Blood In The Sky: 10 Years After The Miracle On The Hudson, Bird Strikes Remain An Unsolved Danger For Aviation
Ten years ago Tuesday, a disaster took place that had long been predicted by wildlife biologist Richard Dolbeer, one of the world’s leading experts on the dangers birds pose to aviation.
Minutes after takeoff from New York’s La Guardia airport, US Airways Flight 1549 flew into a flock of Canada geese, and birds sucked into the two engines caused a complete loss of power. Captain Chesley Sullenberger brought the Airbus A320 down safely on the Hudson River, earning acclaim for saving the lives of the 155 on board.
Since the so-called “Miracle on the Hudson,” experts say U.S. airports have improved their management of wildlife on premises to reduce the risks of bird strikes on takeoff and landing. However, at altitudes above 1,500 feet, the rate of damaging collisions hasn’t improved.
Meanwhile, the skies over North America have only gotten more crowded, as populations of the large birds that pose the greatest risk to airplanes has increased, and air travel has expanded.
“We’re doing a much better job at airports,” says Dolbeer, who for 30 years until his retirement in 2008 chaired a committee that coordinates government and industry efforts to reduce avian risks to aviation. “The area where we’re not making progress is strike events that occur outside the airport environment, such as Flight 1549.”
The US Airways near-disaster galvanized aviation authorities to devote more attention and resources to reducing the risks of bird strikes. The FAA has spent about $350 million since 2009 to help airports that provide scheduled passenger service to implement required wildlife management plans, and most of the larger airports now employ wildlife biologists. The U.S. Department of Agriculture has wildlife management staffers stationed at about 150 airports and military airbases.

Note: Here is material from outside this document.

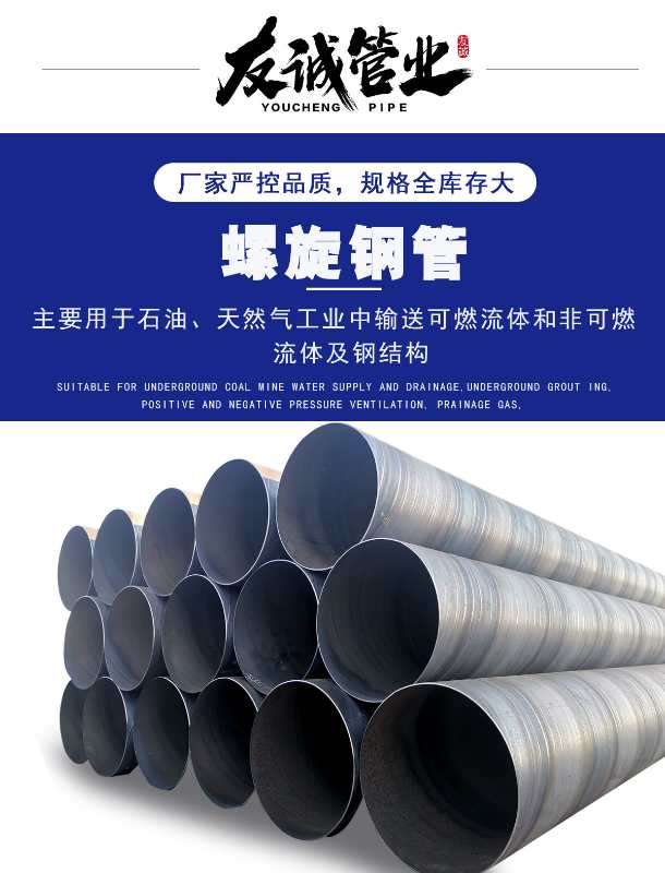 8.承壓流體輸送用埋弧焊螺旋焊管規(guī)格(SY5036-83)是以熱軋鋼帶卷作管坯,經(jīng)常溫螺旋成型,用雙面埋弧焊法焊接,用于承壓流體輸送的螺旋縫鋼管。鋼管承壓能力強(qiáng),焊接性能好,經(jīng)過各種嚴(yán)格的科學(xué)檢驗(yàn)和測試,使用安全可靠。鋼管口徑大,輸送效率高,并可節(jié)約鋪設(shè)管線的投資。主要用于輸送石油、天然氣的管線。

The volume of annual reports of bird strikes by airports has more than doubled since 2000 to 14,496 incidents in 2017. “[Flight 1549] was a real wake-up call to the airports that they need to start documenting these bird strikes,” says Carla Dove, a forensic ornithologist at the Smithsonian Institution to whom airports send the often minimal remains for identification, ranging from feathers to what’s known in the trade as “snarge”—goop on a paper towel. Knowing what species are striking aircraft where helps biologists develop countermeasures.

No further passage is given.